Exclude the pictures, and otherwise reproduce the data in full.

# Data segment
------------------------------

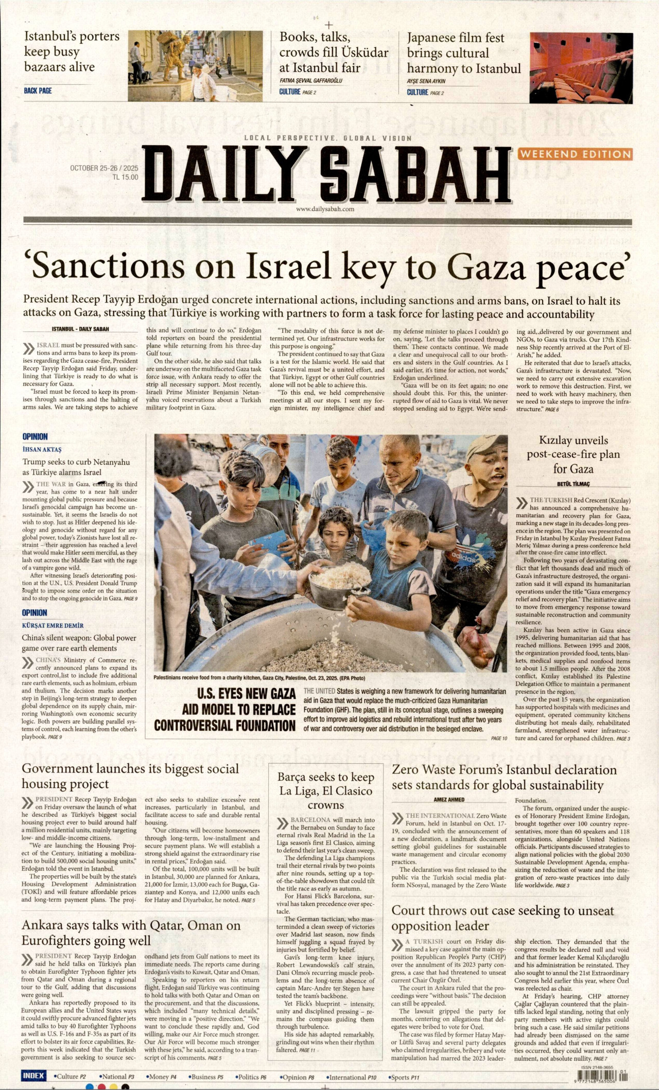 DAİLY SABAH Gazetesi 25 Ekim 2025, Cumartesi Günü Manşeti
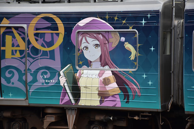 ここでのお目当ては、7000系第2編成による「YOHANE TRAIN」。6月23日から運行されているもので、「ラブライブ!サンシャイン!!」公式スピンオフ作品「幻日のヨハネ -SUNSHINE in the MIRROR-」のフルラッピング車です。
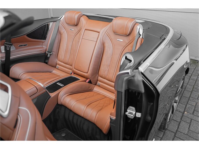 Autobedrijf Schouten biedt u deze Mercedes-Benz S-Klasse Cabrio AMG 63 4MATIC aan. De S63 AMG is uitgevoerd in de diepe metallic kleur: 'Obsidianschwarz', gecombineerd met een bruin luxe lederen interieur. Verder beschikt de Mercedes-Benz S-Klasse Cabrio AMG 63 4M over een mooie lijst met fabrieksopties. Denk hierbij aan opties zoals:

------------------------------

# Answer space
 DAİLY SABAH Gazetesi 25 Ekim 2025, Cumartesi Günü Manşeti
 ここでのお目当ては、7000系第2編成による「YOHANE TRAIN」。6月23日から運行されているもので、「ラブライブ!サンシャイン!!」公式スピンオフ作品「幻日のヨハネ -SUNSHINE in the MIRROR-」のフルラッピング車です。
 Autobedrijf Schouten biedt u deze Mercedes-Benz S-Klasse Cabrio AMG 63 4MATIC aan. De S63 AMG is uitgevoerd in de diepe metallic kleur: 'Obsidianschwarz', gecombineerd met een bruin luxe lederen interieur. Verder beschikt de Mercedes-Benz S-Klasse Cabrio AMG 63 4M over een mooie lijst met fabrieksopties. Denk hierbij aan opties zoals:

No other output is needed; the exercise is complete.